Эти слова раздражают проходящего мимо инженера Ермолаева. «Храбрится как петушок», — хмуро улыбается Ермолаев и подступает с другого конца:
— Наукой доказано, — говорит он, — что если поставить новую машину и не ухаживать за ней, не смазывать, не останавливать на Осмотр и ремонт, а гнать и гнать напропалую, то она в два–три раза сокращает свой положенный срок.
— Знаю, — вторит Тюрин. — Машина требует ласки, чистоты да смазки.
«Кажется, уломал, соглашается», — обрадованно подумал инженер, а вслух проговорил:
— Так бывает и с человеком. Не дай ему отдохнуть, заставь работать на износ…
— Иди по своим делам. Иди, иди. Дай с хорошим человеком, повидавшим войну, погуторить,: — говорит старый мастер и смотрит на Кострова участливо, давая понять, что страсть охота потолковать
Заводской шум глушит голоса, приходится кричать.
— Отойдем в сторонку, — предлагает Тюрин, беря фронтового товарища под руку: — Как там, на войне? Почем фунт лиха?
— Тяжело, — отвечает нехотя Костров и опять сводит разговор к заботам о мастере. — Которые сутки не смыкаете глаз?
— Третьи, кажись, да откровенно не помню. Запутался… — И, желая разговорить товарища; начал о подходцем: — Извиняюсь, а вам как доводилось на фронте?
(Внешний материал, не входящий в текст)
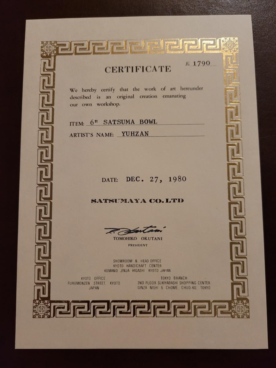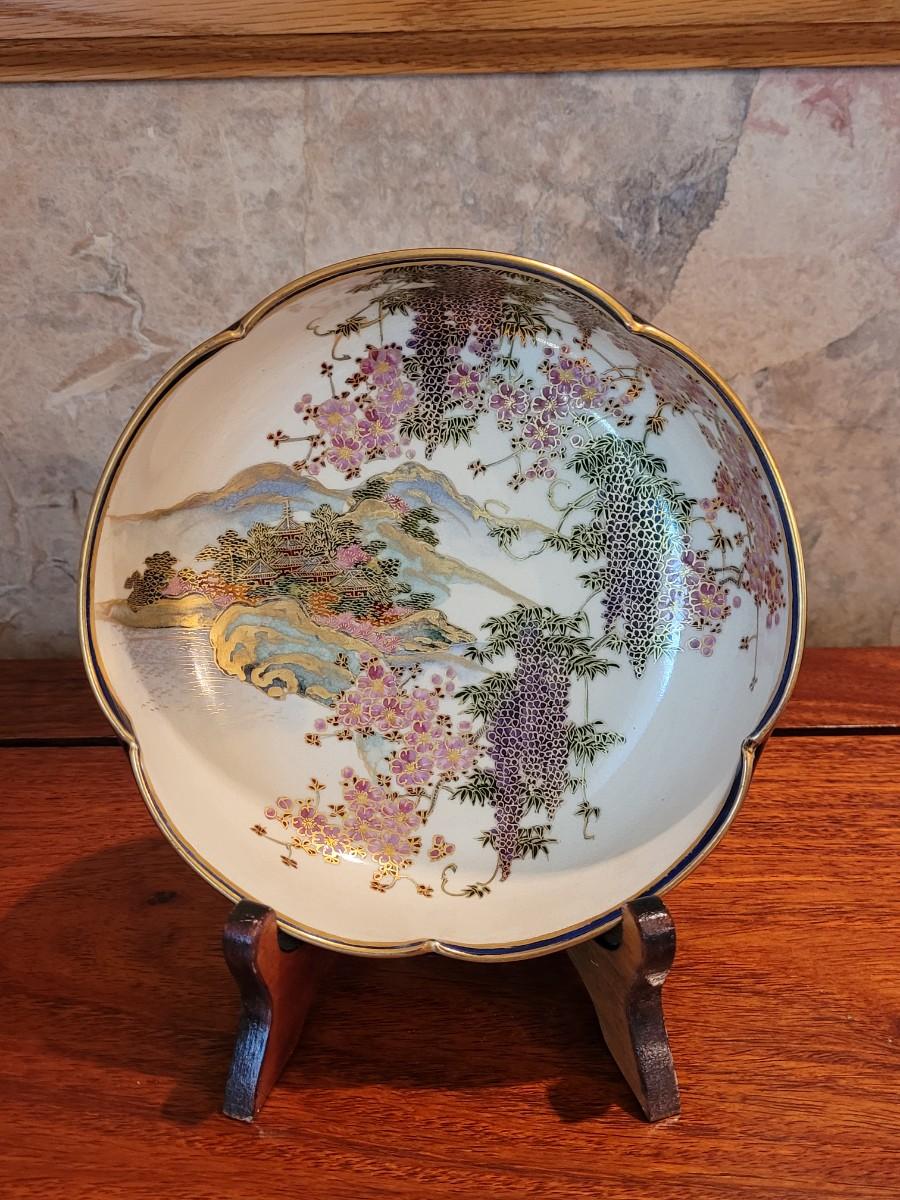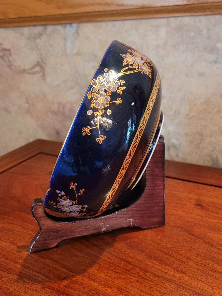 Lot 62: 6" Satsuma Blue Floral Bowl by YUHZAN with Certificate &Stand

Я, понятно, не о подвигах, газеты о них ловко пишут, а как относительно сна?
— По–всякому приходится, — ответил Костров. — Бывает, и сутками не урвешь минуты для сна, а бывает, спишь беспробудно. Особенно после сражения.
— Знаю, сделал дело — гуляй -смело, — поддакнул мастер. — Вот и мы печемся…
— У вас дело налажено.
— Налажено, да не Совсем, — возражает Тюрин. — Вы ведь за танками приехали. Не будете ждать — к спеху нужны. Мы и порешили лишних танка три собрать. Глядишь, и они сгодятся на добавочные километры. А то и пособят целое селение отнять. Вот и приходится все время на ногах.
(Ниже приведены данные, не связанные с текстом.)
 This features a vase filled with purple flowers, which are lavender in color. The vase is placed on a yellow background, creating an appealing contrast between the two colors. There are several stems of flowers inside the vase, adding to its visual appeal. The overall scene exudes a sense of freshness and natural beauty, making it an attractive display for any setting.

— Одним словом, работаете, как тот бессменный часовой, — сказал Костров.
— Какой часовой, что–то мы про него не слыхали? — спросил Тюрин.
— Ходит у нас фронтовая молва, — заговорил Костров. — Когда в сорок первом навалился немец, зачал территорию забирать… Неразбериха кругом… Ну и забыли снять часового со склада артиллерийского. В лесу этот склад стоял. Угодила бомба в караульное помещение, никого не осталось. Лишь склад уцелел и часовой при нем. Ждать–пождать смены, никого нет. Не сменяют сутки–вторые… И приказа нет. Был этот часовой узбек. А узбеки — бойцы терпеливые, упрямые до непонятливости… Стоит и стоит на часах. А потом, когда завидел немцев, как закричит: «Не подходи, моя стреляет!» Немцы нахально идут, хотели живьем взять, а он, часовойузбек, видит, что его посту угрожает опасность, подпустил ближе на возможное расстояние, но стрелять не стал, а включил рубильник… Погиб узбек, но и немцам был нанесен урон. Ведь весь склад взлетел…
В это время с ковшом снега проходил Ермолаев, и старый мастер задержал его.
— Вот послушал бы, как дело было. — сказал он внушительно. — Часовой–то не сменялся; Жизни лишился, а совесть не продал. А ты мне износ…
Как ни крепился старый мастер, а на четвертые–сутки все же пошел, домой. Путь недолгий — версты три до барака, а там — жаром пылающая печь–времянка и Стеша со своими блинами из пшена да вареньями, привезенными еще из дому, когда эвакуировались, и дети обступят, каждый желая наперебой слить ему на руки воду. Они это умеют, только чересчур брызгаться любят, наберут в рот воды и прыскают на самих себя, перепадает и ему, отцу, струйки затекут за шею, под рубашку, злись не злись, а щекотно и приятно.
И метель–то разыгралась — благодать. Когда снега много, значит жди полные закрома хлеба. Пусть метет. Ох, как потребен сейчас хлеб. Ведь полстраны оттяпал немец, житницу забрал, а кормиться нужно — и в тылу, и армии. Мети–мети, вали больше снега. Вот только идти тяжело, ветер встречный бьет, того и гляди с ног свалит. Да и темнота мешает. Надо бы засветло уйти, никто не стал бы укорять. А совесть? Разве она не укоряет его? Укоряет, да еще как!..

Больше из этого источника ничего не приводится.